AJ Bell charges an annual platform fee ranging from 0.25% to 0%, depending on the size of your portfolio. Dealing fees for buying and selling investments online are £1.50 for funds and £9.95 for shares (reducing to £4.95 if there were 10 or more online share deals in the previous month). AJ Bell’s products include a Share Dealing Account, Stocks and Shares ISA, Junior Stocks and Shares ISA, Lifetime ISA, SIPP and Junior SIPP.
Capital at risk.
Interactive Investor is a subsidiary of wealth management giant Abrdn and the second-largest investment platform in the country. Also well known for its fixed monthly subscription fees (as opposed to annual percentage-based fees like most other investment platforms), Interactive Investor has been providing investment services and financial information to UK customers since 1995.
If you choose to invest with Interactive Investor, you will gain access to over 40,000 investment options, including UK and overseas shares, funds, investment trusts, and ETFs. This is the second-widest choice of UK and international investments offered by an investment platform in the UK. Interactive Investor allows you to build your portfolio in multiple ways depending on your investment goals, attitude to risk and personal preferences. Beginner investors or those who prefer ready-made investments can build their portfolios using Interactive Investor’s Quick-Start Funds, an easy way to start investing where you choose from six low-cost funds prepared by the team of experts at Interactive Investor. Advanced or more confident investors can choose from a wide range of funds and shares and build their portfolios themselves. Interactive Investor gives you access to 17 global stock exchanges, including exchanges in North America, Europe and Asia Pacific. These include markets such as the FTSE 100, FTSE 250, FTSE All-Share, S&P 500, NASDAQ, NYSE, Dow Jones and more. In addition to the above, Interactive Investor offers Japanese, Indian and Chinese shares in the form of American Depositary Receipts (ADRs).
Interactive Investor gives you a free trade every month, which you can use to buy or sell any investment. After that, trades usually cost £3.99. For those investing £50,000 or less, you can sign up for the cheapest plan (Investor Essentials), which costs only £4.99 a month but does not come with the monthly free trade. The platform also offers a free regular investing service that allows you to deposit as little as £25 a month towards your investments without paying a trading fee each time, irrespective of the plan you choose. Interactive Investor also has lots of expert ideas, research and insights, which can be helpful when selecting investments. Interactive Investor’s suite of products includes a Trading Account, Stocks and Shares ISA, SIPP and Junior ISA.
Capital at risk.
Bestinvest is a UK low-cost investment platform that allows you to trade or invest in over 3,000 instruments, including shares, funds, ETFs, and investment trusts. With Bestinvest, you can build an investment portfolio in two ways depending on your personal preferences, goals and attitude to risk.
Beginners or those who prefer a ready-made investment can build their portfolio by selecting one of Bestinvest’s ready-made investment portfolios.

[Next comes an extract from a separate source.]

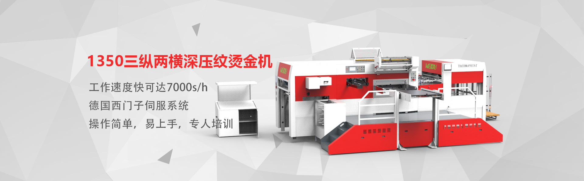 全自動燙金機,壓紋機廠家,模切機-山東美度印刷設備有限公司山東美度印刷設備有限公司是一家從事機械研究和制造的企業,主要產品包括全自動平壓平三縱燙金機、全自動平壓平三縱兩橫燙金機、全自動平壓平深壓紋模切機、全自動平壓平深壓紋燙金機、全自動平壓平模切機等系列產品。經過多年的發展,公司現已擁有多名的工業研發設計人員、經驗豐富的生產安裝人員及嚴謹認真的質量檢驗人員,從外購件檢驗、零部件加工、整機裝配、出廠檢驗等各個流程均有嚴格質量保證,從而保障了所生產設備的品質。

These off-the-shelf style portfolios are created and managed by the team at Bestinvest and come with a carefully selected and diversified collection of investments. Once you have picked one, you do not need to do anything else. There are three ranges to choose from: Expert, Smart and Direct, depending on whether you want to maximise the returns for the risk you take, focus on cost-efficiency or focus on individual investments. The team at Bestinvest will walk you through the process of selecting a ready-made portfolio. Advanced or more confident investors can choose from a wide range of funds, shares, ETFs and ITs and build their portfolios themselves.

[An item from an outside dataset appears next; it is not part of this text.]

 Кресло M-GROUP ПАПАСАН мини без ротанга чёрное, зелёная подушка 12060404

To start building your portfolio with Bestinvest, you can deposit a lump sum or set up a monthly savings plan (which allows you to automatically save or invest a set amount into your investment account every month). There are no set-up fees or fund dealing charges with Bestinvest. Bestinvest charges an annual platform fee ranging from 0.40% to 0% for DIY investing and 0.20% to 0% for ready-made investing. The dealing fee for buying and selling shares online is £4.95 per deal. Bestinvest’s suite of products includes a Stocks and Shares ISA, Junior Stocks and Shares ISA, General Investment Account, SIPP and Junior SIPP.
Capital at risk.
InvestEngine is a low-cost ETF investment platform that provides a choice of managed portfolios tailored to you and commission-free DIY investing to help you build long-term wealth. Users can invest in over 500 exchange-traded funds (ETFs) from leading global asset managers.

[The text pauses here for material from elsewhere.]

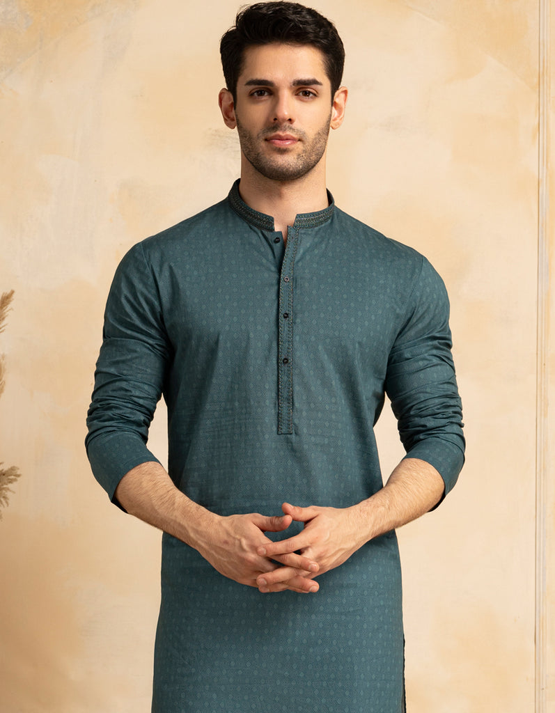 This Teal Cotton Semi-Formal Kurta has a simple yet elegant look, combining tradition with a modern touch.

With InvestEngine, you can invest in two ways depending on your tolerance for risk and savviness as an investor: beginner investors or those who prefer a ready-made investment portfolio can select from one of the managed portfolios on offer, where the team of experts at InvestEngine will take care of the day-to-day investment decisions for you. These portfolios are a selection of ETFs based on your preferences and risk tolerance. Once you’ve selected one, you do not have to do anything else besides monitor the performance of your investments. Advanced or more confident investors can choose from 500+ commission-free ETFs and build their portfolios themselves. InvestEngine also offers fractional investing, which allows you to buy bits and pieces of an ETF with as little as £1. This enhances your ability to build a diversified portfolio even if you have a small amount of money to invest. With the DIY Portfolio, there are no platform fees. However, the managed portfolios attract a fee of 0.25% per year. All InvestEngine portfolios are free of set-up fees, dealing fees, ISA subscription fees or withdrawal fees.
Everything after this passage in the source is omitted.